As a transformer is also unrolled in the context dimension, the architecture itself is effectively required to be generic both in what information it gathers and where that information is used. Bias towards next token prediction is not so much a consequence of reward in isolation, but of competitive advantage: at position i, the network has an advantage in predicting i+1 over the network at previous locations by having more recent tokens, and an advantage over the network at future tokens by virtue of still needing to predict token i+1. However, if a token is more predictive of some abstract future token than the next token precisely, say it's a name that might be referenced later, one would expect the dominant learnt effect to be non-myopically optimizing for later use in some timestamp-invariant way.
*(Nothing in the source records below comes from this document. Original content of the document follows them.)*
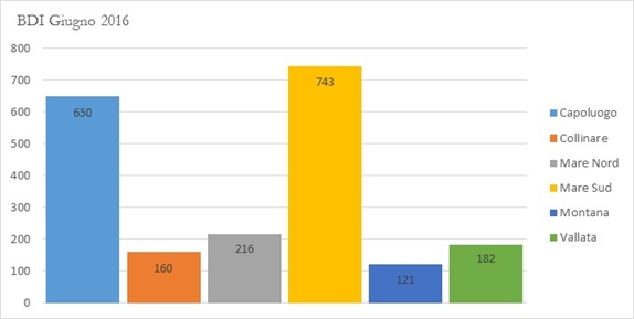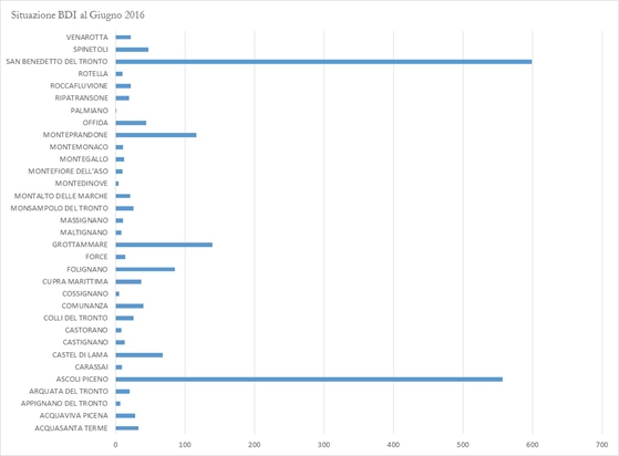 Figura  SEQ Figura \* ARABIC 3: Situazione BDI al Giugno 2016 per Comune di Appartenenza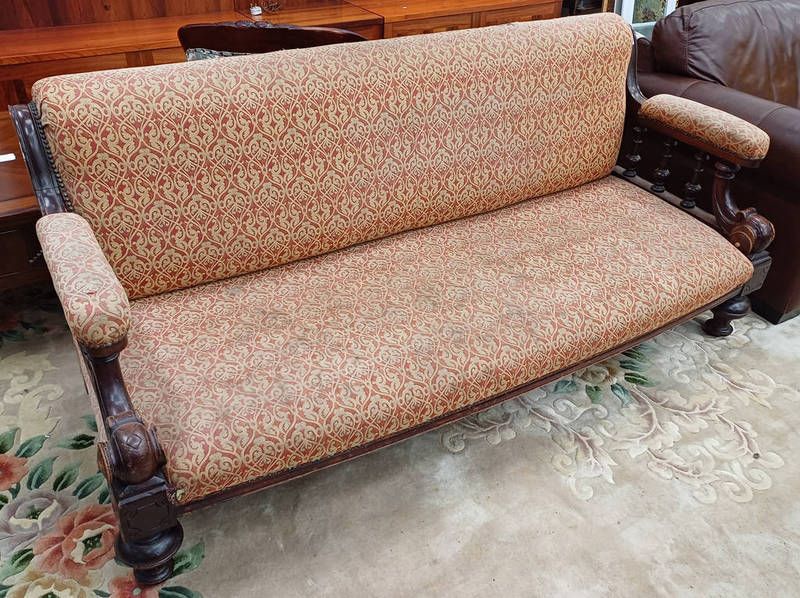 19th century mahogany framed chaise longue with decorative carving on reeded supports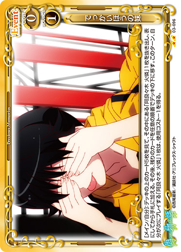 | 自分の「千石 撫子」が妨害された場合、手札から「千石 撫子」1枚をサポートエリアに出すことができる。[メイン/自分]:《休》自分の「千石 撫子」1枚は、ターン終了時に活動状態になる。 | ||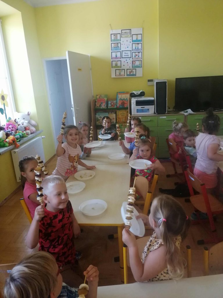 „Jabłka jemy przez rok cały, czy są mrozy czy upały. Nieraz trafią do szarlotki, albo będzie z nich kompot słodki”. Jabłka mają wiele witamin, są bardzo zdrowe i dobrze wpływają na gardło – takich informacji dowiedziały się dzieci dnia 28 września w naszym oddziale przedszkolnym, gdyż obchodziliśmy Dzień Jabłka. Cześć zajęć była poświęcona właśnie temu owocu. Były gry i zabawy, ale także układanie rytmu z owoców w formie szaszłyka, który następnie przedszkolaki zjadły ze smakiem. Każdy w tym dniu otrzymał smaczne jabłuszko i zabrał je do domu.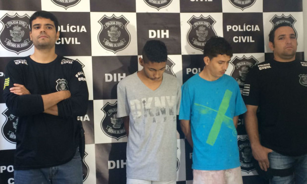 O delegado Francisco Júnior, da Delegacia de Investigação de Homicídios (DIH), apresentou na manhã desta terça-feira (30), dois homens acusados de envolvimento no assassinato de Wanderson Soares de Abreu e na tentativa de assassinato de Allyson Gonçalves Soares, fato ocorrido em maio deste ano, em uma distribuidora de bebidas no Setor Negrão de Lima.
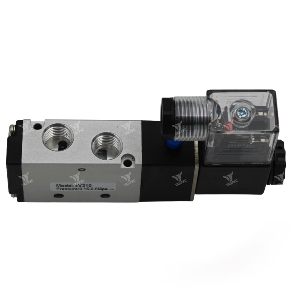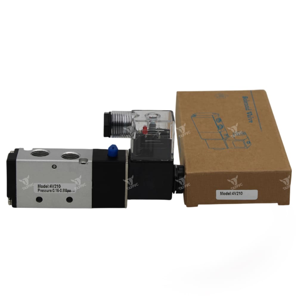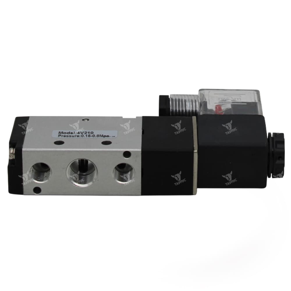 Пневмораспределители 4V210-08 DC24V являются 5-линейными двухпозиционными (5/2) пневматическими распределителями с односторонним электропневматическим управлением, номинальным напряжением 24В постоянного тока, присоединением 1/4" и пружинным возвратом золотника в исходное положение. Данные клапаны применяются в различного рода пневматическим приводах и служат для управления направлением потоков рабочей среды пневмосистемы (сжатый воздух), её пуском и остановом.Управление потоками воздуха осуществляется за счёт перемещения в корпусе пневмораспределителя золотника, форма которого зависит от габарита и схемы распределения. Золотник, в зависимости от своего положения в корпусе, перекрывает или открывает доступ сжатого воздуха по внутренним каналам пневмораспределителя в ту или иную линию.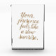 This turned out to be a great looking item. I found altering the design easy and the quality looked fab when all was done and finished. It matched my expectations wonderfully. The seller did a great job! The colours and font styles available were varied and I had fun tweaking them to my needs. The quality of both photo and the colours used where crisp too and came out wonderfully. Overall a great looking item very happy customer. Thank you!!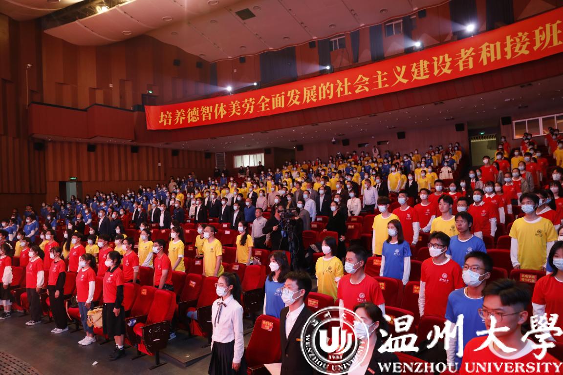 “东海水,雁荡山,我温大精神,浩浩宕宕……”,最后,全体师生齐唱51吃瓜 校歌。嘹亮的歌声是温大精神的传递,饱含温大人对学校的祝福和对祖国的祝愿。全体温大人携手共进,共筑温大更加美好的明天!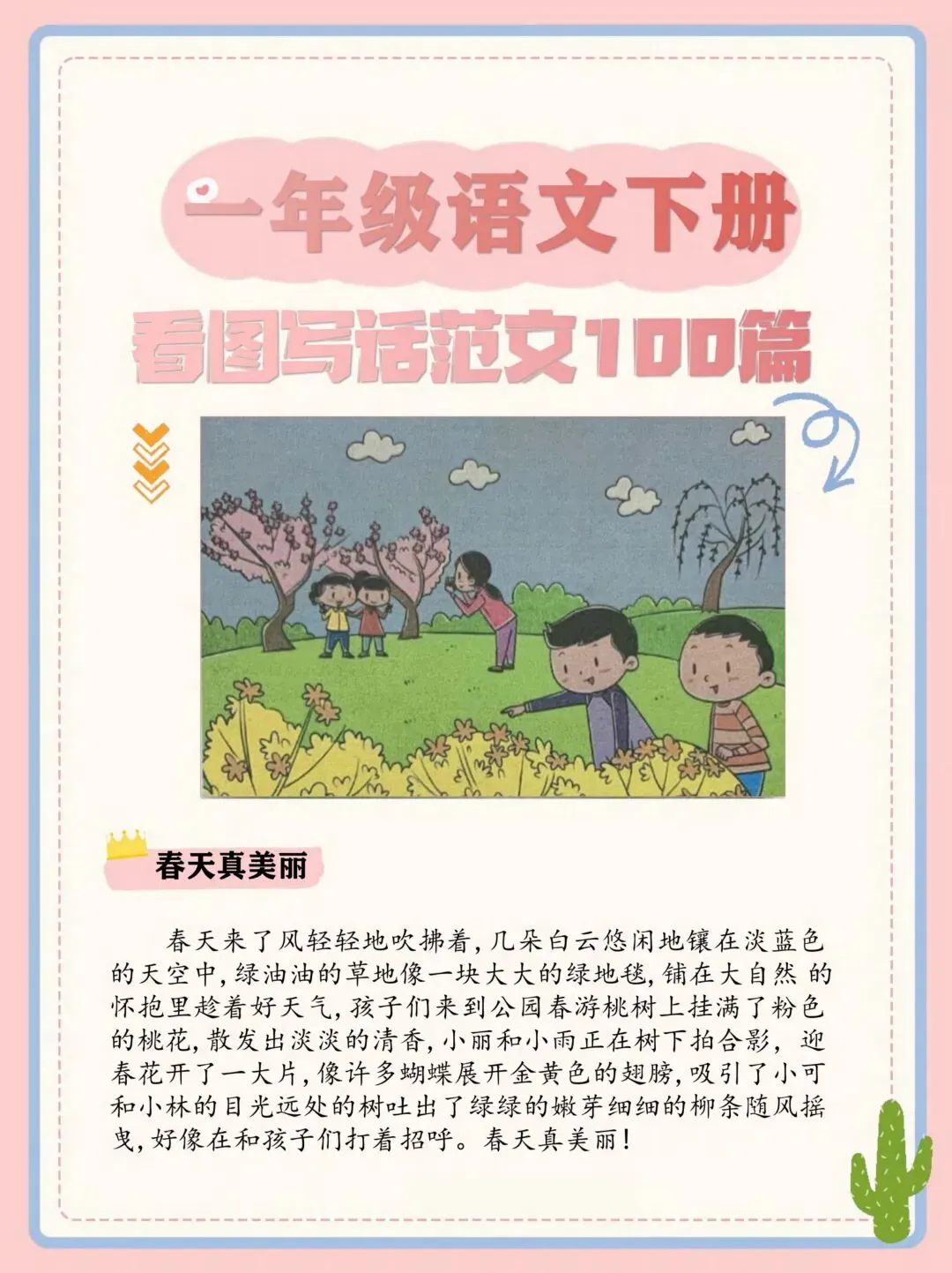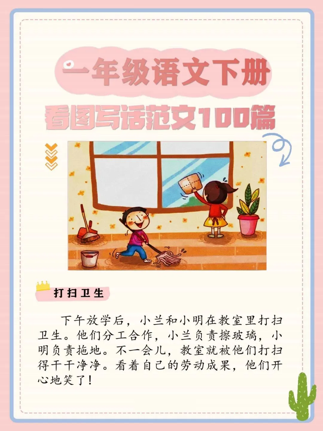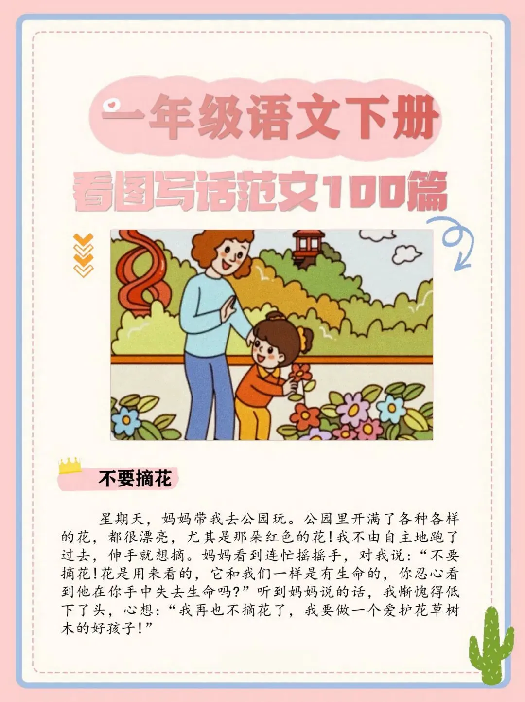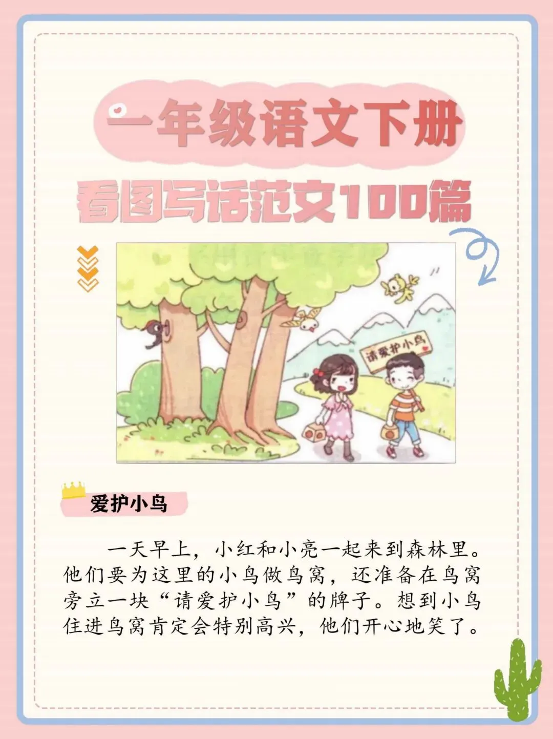 一年级看图写话常考范文100篇!可直接打印 关注我们 领取更多资料 🌈电子版可下载打印,需要的家长抓紧领取一份给孩子打印🖨️吧 (温馨提示:文末有完整电子版领取方式) 领取完整电子版: ①:点一点右下角的“赞”和“在看”,感谢 ②:首先【关注】公众号,再点【发消息】输入编号:39号资料 分享小学拔尖资料 爱润童心,智引成长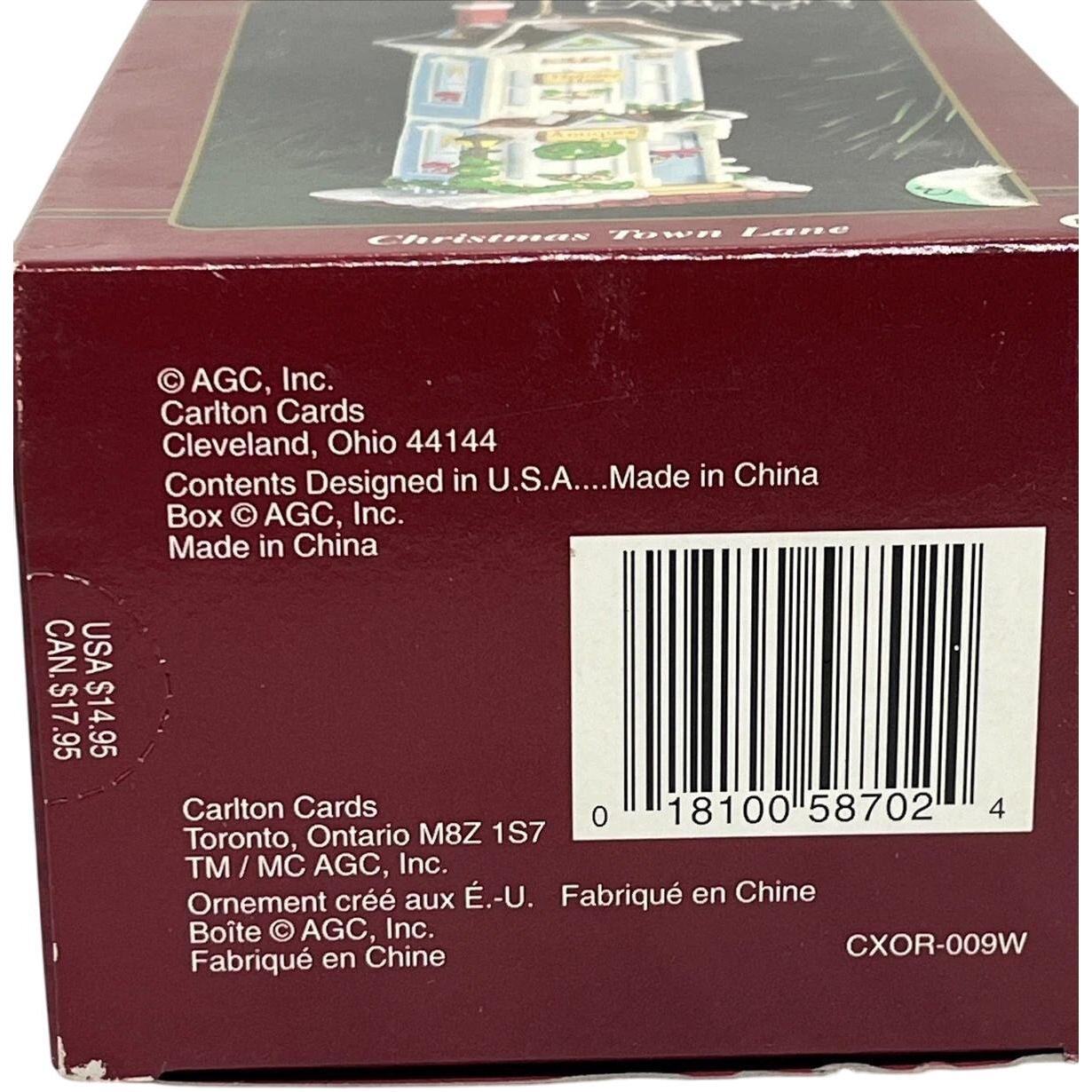 This miniature house ornament from the Carlton Cards Heirloom collection features a charming “town lane” building motif—evoking a cozy holiday street scene. The finely molded plastic or resin body is painted with rich seasonal hues and detailed with snow-topped rooflines, festive window accents and a ready-to-hang ribbon loop. Ideal for collectors of village-style Christmas décor or display sets, this dated piece combines architectural appeal with nostalgic charm.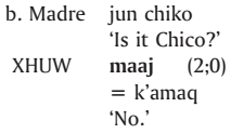 We provide examples of XHUW’s forms of discourse negation in (22). The exchange in (22a) shows the early use of ‘maj’ as a marker of discourse negation. The exchange in (22b) shows a form that was interpreted as a context for the use of ‘k’amaq’, but in which XHUW produced ‘maaj’. Since we lack evidence that vowel length was contrastive for XHUW, we interpret this exchange as a case where XHUW extended ‘maj’ to a yes/no question context where ‘k’amaq’ is obligatory.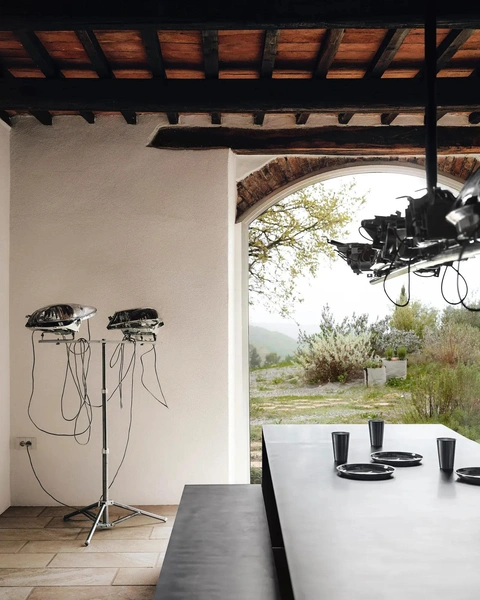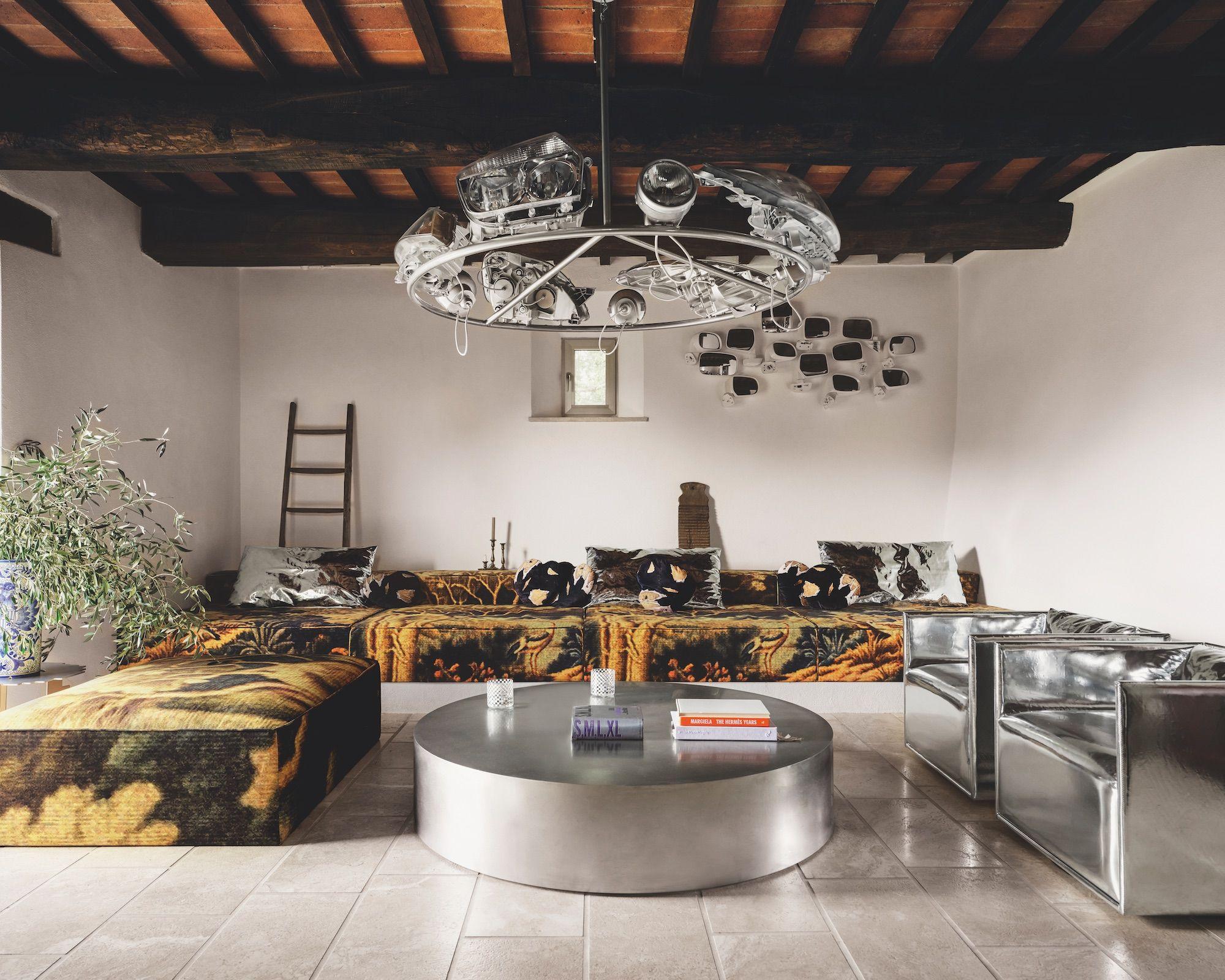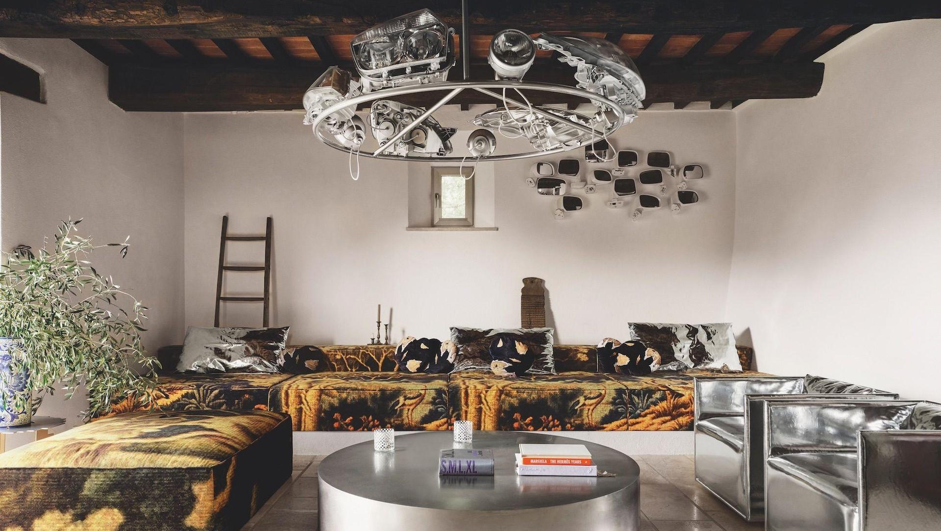 Гарри Нуриев известен эпатажными проектами: от дивана, наполненного обрезками вещей Balenciaga, до стеганых одеял из мужского нижнего белья. В Тоскане он применил свой подход «трансформизма», сохранив оригинальные элементы дома — деревянные балки, полы из травертина и речной гальки — и добавив индустриальные детали. «Мы живем в эпоху бесконечных данных, — объясняет дизайнер, — Все уже исследовано. Вместо того, чтобы пытаться новаторствовать, мы переосмысливаем окружающие нас вещи».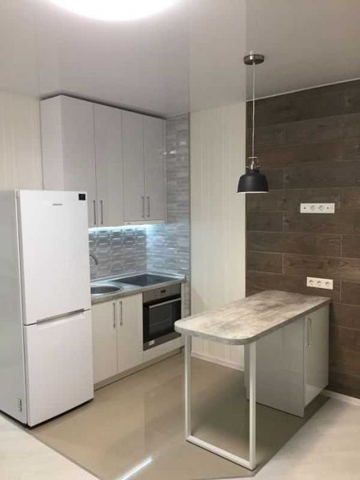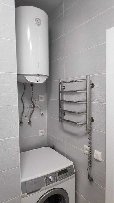 З техніки є все необхідне: кондиціонер (працює від 7 до +45), пральна машина-автомат на 7 кг, бойлер на 80 літрів, великий холодильник, витяжка, індукційна варильна панель та електрична духова шафа. Кухня вбудована, санвузол суміжний.
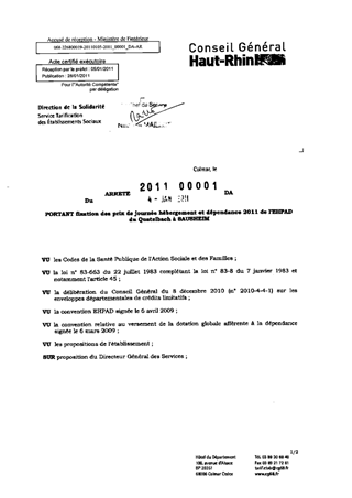 portant fixation des prix de journée hébergement et dépendance 2011 de l'EHPAD du Quatelbach à SAUSHEIM. Resumé Pièces jointes ARRETE Assemblée : Non défini Date : 04/01/2011 Rapporteur : Non défini Collectivité : Conseil départemental du Haut-Rhin Direction : Non défini Service : Direction de l'Autonomie Domaine : Prix de Journée Commission :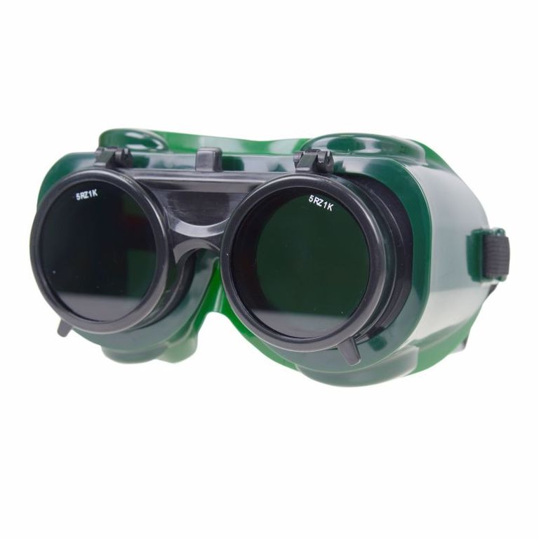 Очки с откидным блоком из термостойкой пластмассы с защитными минеральными стеклами и внутренними стеклами из бесцветного поликарбоната РС. Конструкция 2 в 1 позволяет вести работы: с опущенным стеклодержателем - связанные с опасным для глаз излучением, с поднятым стеклодержателем - связанные с защитой глаз от воздействия твердых частиц. Мягкий корпус из ПВХ.

You're at token i in a non-final layer. Which token's output are you optimizing for? i+1?
I already addressed this point. If I'm in a non-final layer then I can be optimizing for arbitrary tokens within the context window, sure, and 'effectively' predicting intermediate tokens because that is the 'dominant' effect at that location... insofar as it is instrumentally useful for predicting the final token using the final layer. Because that is where all the gradients flow from, and why the dog wags the tail.
There is no ‘the final token’ for weights not at the final layer.
Because that is where all the gradients flow from, and why the dog wags the tail.
Aggregations of things need not be of the same kind as their constituent things? This is a lot like calling an LLM an activation optimizer. While strictly in some sense true of the pieces that make up the training regime, it's also kind of a wild way to talk about things in the context of ascribing motivation to the resulting network.
I think maybe you're intending ‘next token prediction’ to mean something more like ‘represents the data distribution, as opposed to some metric on the output’, but if you are this seems like a rather unclear way of stating it.
They act substantially differently. (Although I haven't seriously tested offensive-jokes on any Claudes, the rhyming poetry behavior is often quite different.)
Edited:
Claude 3's tokens or tokenization might have to do with it. I assume that it has a different neural network architecture as a result. There is no documentation on what tokens were used, and the best trace I have found is Karpathy's observation about spaces (" ") being treated as separate tokens.